Es ist Freitag und da spendiert Mariano seinem Team, wie die gute Tradition es verlangt, einen Asado. Wer ranklotzt hat was zu beißen, so sieht es Mariano. Durch Milei werde der Fleißige belohnt, der Sozialstaat abgesägt. Milei sei wie er: ein Macher, der sich auch gegen Widerstand durchsetze. Manchmal vielleicht etwas sehr schrill. Erst nimmt Javier Milei die Kettensäge, dann das Regierungs-Zepter in die Hand. Der ultraliberale Präsident setzt allein auf den freien Markt, verachtet den Sozialstaat: "Ich liebe es, der Maulwurf zu sein, der den Staat von Innen zerstört."
Die Konsequenzen der Sparpolitik sind überall spürbar
Ein Popstar der politischen Rechten, der gut ankommt, weil er eine unterhaltsame und erfolgreiche Show liefert. Umjubelt trotz oder wegen seiner politischen Schocktherapie, Milei streicht Subventionen für Sprit, Strom oder Nahverkehr. Streicht Ministerien und öffentliche Jobs. 2.000 Kilometer weiter im Südwesten hört die asphaltierte Straße auf. Staatliche Baumaßnahmen sind vorerst gestoppt. Patagonien – das bedeutet weites, dünn besiedeltes Land. Die Politik aus Buenos Aires erreicht Corcovado. Mit unverhofften Konsequenzen für seine 2.500 Einwohner. Hier hat Javier Villoldo ungewollt Zeit. 50.000 staatliche Angestellte hat Milei entlassen, Javier ist einer von ihnen.

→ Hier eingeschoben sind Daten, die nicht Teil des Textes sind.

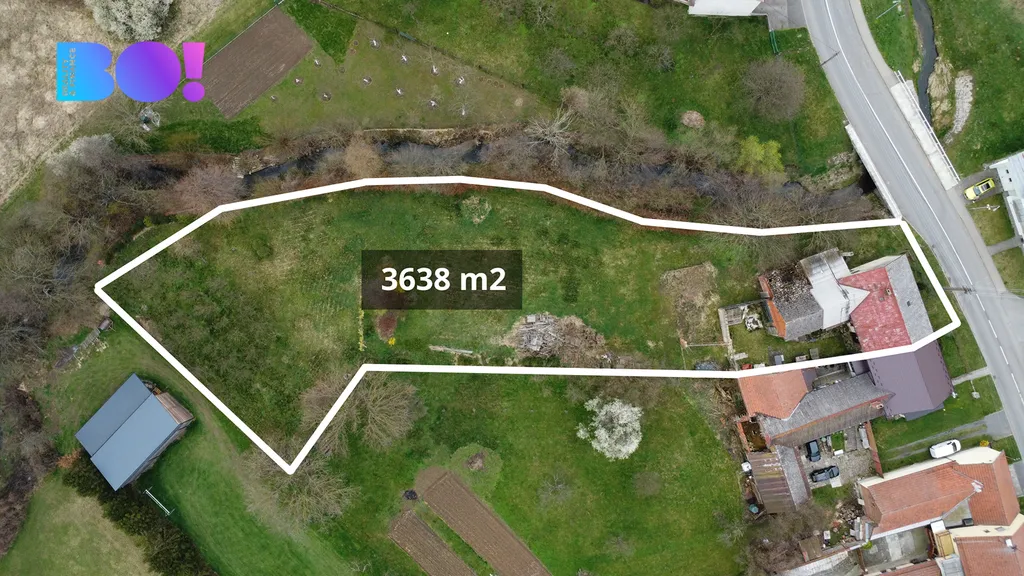 Celková plocha rovinatého pozemku činí 3 638 m², což poskytuje dostatek prostoru pro rozvoj aktivit, realizaci výstavby nového rodinného domu nebo rekonstrukci stávající původní stavby.

"Es sagt Señor Javier Villoldo, …", liest Silvina Gutierrez vor. 20 Jahre als Filialleiter der staatlichen Post enden per Fax – ab sofort, kein nettes Wort. Mit 52 arbeitslos, auf dem Land. "Ich hätte niemals gedacht, dass es mir so schwer fällt von Null anzufangen, aber ich glaube ich habe ein wenig die Freude verloren, die ich früher hatte. Das geht bestimmt vorbei", sagt der ehemalige Post-Angestellte. "Ja, bestimmt", findet Silvina Gutierrez. Er habe die Filiale mit Herz geführt. Briefe vorgelesen, wenn ein Kunde darum bat. Die Türen spät Abends geöffnet, wenn ein ferner Nachbar im Schneesturm geritten kam. "Das Gesicht der argentinischen Post war ich", sagt Javier Villoldo. Die Post war die Brücke zur Außenwelt. Für einen privaten Paketdienst lohnt sich der kleine Ort nicht. Wie kommt jetzt die heimische Marmelade zu den Kindern in der Ferne? Fragt sich Fernando. Wie das Kunsthandwerk zu den Kunden im ganzen Land. "Ein Foto zur Auswahl kann ich mit dem Handy senden, aber das Produkt geht nur mit der Post raus, jetzt muss ich 100 Kilometer reisen, um es zu verschicken", erzählt Holz-Künstler Fernando Iphar.
Silvina dreht derweil im Laden nebenan jeden Peso fünfmal um. Ein Gehalt fehlt, Lebensmittelpreise sind deutlich teuer als früher. Beim Shampoo lässt sich sparen. Vernünftiges Klopapier – teuer, aber muss drin sein. Vier Euro für Gemüse – unbezahlbar. "Das ist jetzt Luxus für uns. Vielleicht für ein bis zweimal im Monat", sagt sie. Silvina schreibt an. In einem Jahr Milei ist die Armut im Land gestiegen. Etwa jeder Zweite ist betroffen.
In Lanús findet Firmenchef Mariano die Entlassungen im Einzelfall hart, aber im Grundsatz richtig, der Staat soll die Bürger wenig kosten. Er denkt darüber nach mehr Personal anzustellen. Aber erst, wenn Milei die Arbeitnehmerrechte wie versprochen lockert: "In Argentinien haben wir 750 Gewerkschaften, es ist unmöglich einen Arbeiter anzustellen, ohne Probleme zu bekommen." Das Asado ist fertig. Mariano hofft auf fette Jahre für Argentinien. Javier kämpft sich durch. Hat einen Tages-Einsatz als Tourguide sofort angenommen. 30 Euro? – besser als nichts. Nur auf Zuruf – egal.